An elderly woman who was recently admitted to a Columbian hospital after suffering from severe stomach pains found out the problem was much stranger than some bad takeout.

At first the doctor thought the 82-year-old woman was suffering from gastro-enteritis (a contagious diarrheal condition), NTD Television reported.

Upon closer examination, doctors concluded the source of the pain was from a fetus that had been sitting in the woman's abdomen for 40 years.

"An 82-year-old patient who arrived at emergency services on December 8 with diarrhea and in the medical exam the medic who was looking over (the patient) noted something abnormal in her abdomen and ordered an exam thinking that perhaps it was gallstones. An ultrasound was done and it wasn't positive. Then, an abdominal radiography was ordered which located a tumor in the abdominal cavity which concluded that it was a fetus in the woman's abdomen," Dr. Kemer Ramirez, a doctor at Bogota's Tunjuelito Hospital told NTD.

The phenomenon, called lithopedion or "stone-child syndrome," occurred because the fetus started to develop in the abdomen as opposed to the uterus.

"This happens because the fetus does not develop in the uterus because it has moved to another place. In this case, the abdominal part of the woman is not a viable [place] and this is what happened, a calcified fetus because the body is generating defense mechanisms and it is calcified until it stays there encapsulated," Ramirez said.

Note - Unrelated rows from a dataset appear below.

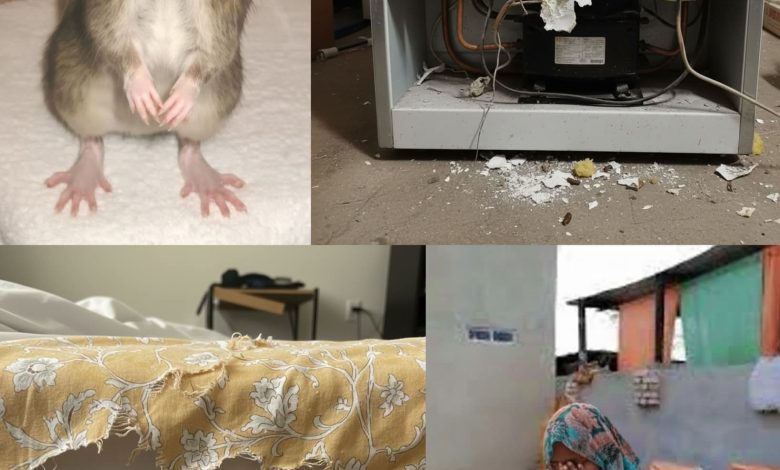 ​ياخ ده فات الدعامة فى المضرة بتاعتهم، قرم لينا هدومنا الفى الدولاب كلها، الفلاين بتاعتى جراها وحشرها جوه الجحر بتاعه، ليفة الحمام دخله الجحر بتاعه، اسلاك الكهرباء بتاعت التلاجة قرمضه لينا بأسنانه وبوظه لينا.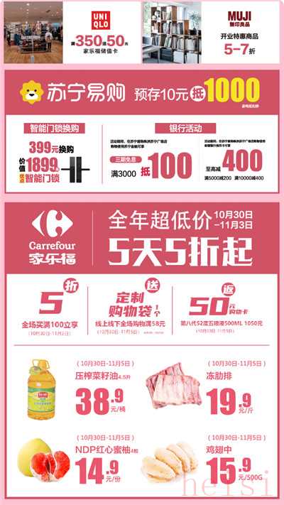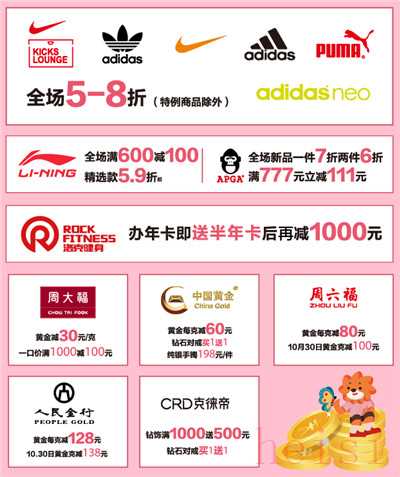 优衣库消费满350元送50元家乐福储值卡,MUJI开业特惠商品5-7折,苏宁易购预存10元抵1000元,家乐福开业5天5折起,NIKE KL、adidas、三叶草、adidas NEO、NIKE 、PUMA等运动潮牌全场5-8折。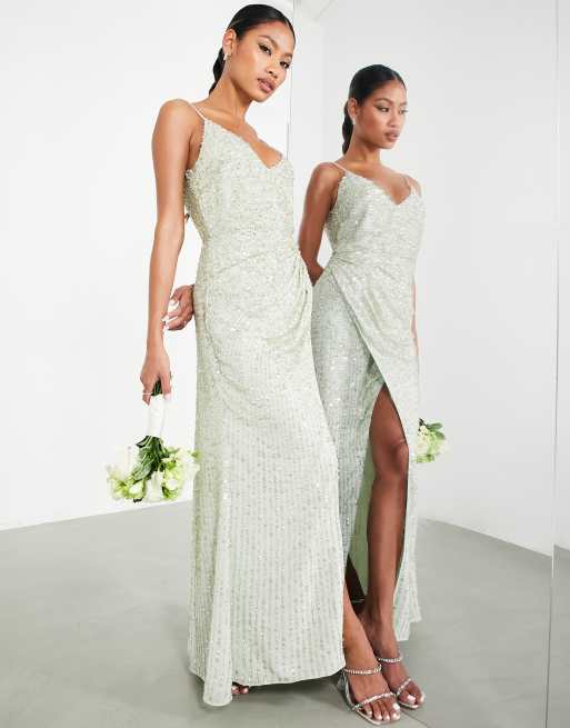 Asos cami sale maxi dress, ASOS DESIGN Bridesmaid embellished drape side cami maxi dress in sage green sale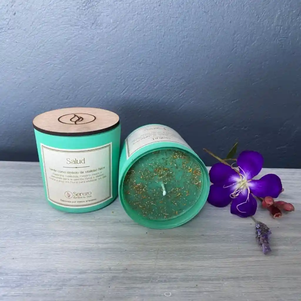 Verde como símbolo de vitalidad física. Mejorana, caléndula, romero, sauco y manzanilla para la sanción física y mental. Aroma a arco iris floral para endulzar tus días. Elaborada por manos artesanas. MEDIDAS: 8 cm x 8 cm. MATERIAL: CERA DE PALMA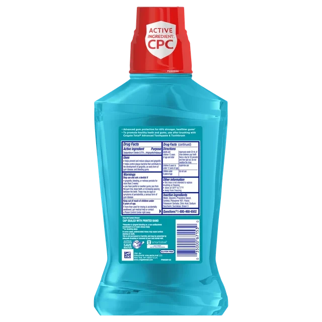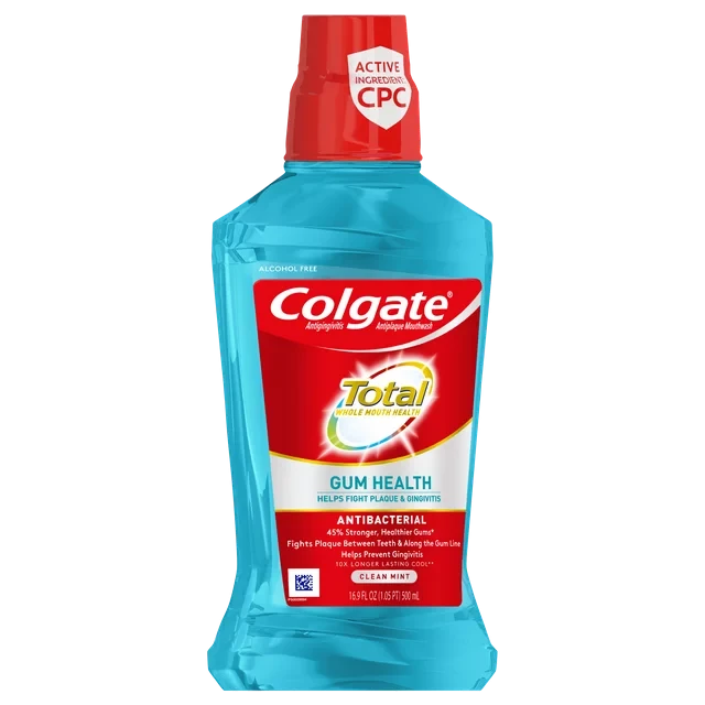 Colgate Total Gum Health mouthwash is a germ-fighting formula that forms a protective shield along the gum line and protects against bacteria. With twice-daily use, it's clinically proven to deliver 45% stronger (reduction in gingival bleeding vs. a non-antibacterial mouthwash in a 6 week clinical study) healthier gums. Colgate Total Gum Health Mouthwash kills 99% of germs on contact, leaving you with a cleaner mouth. This great-tasting formula is an alcohol-free mouthwash (does not contain ethanol) and has a refreshing clean mint flavor. This antibacterial mouthwash offers germ protection for fresh breath.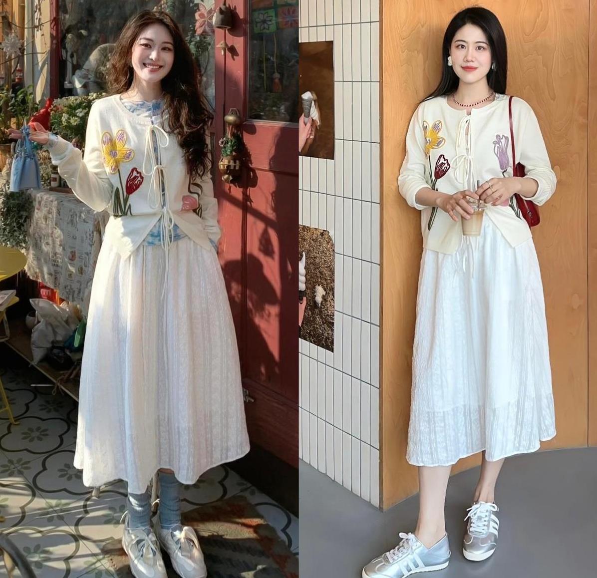 白色系搭配非常适合春夏,比如这种黄色的针织衫,配上白色的半身裙,就显得特别的清爽,再配上一双白色的德训鞋,也可以和裙子呼应起来呢。

This is by far not the first case lithopedion seen by medical experts, but the condition is extremely rare. One in every 11,000 fetuses will develop abdominally; out of this number only around 1.5 percent will develop into lithopedion.

The first lithopedion case was seen as far back as the year 1582. An autopsy of a 68-year-old woman showed she had carried a "stone child" for 28 years, Journal of the Royal Society of Medicine reported.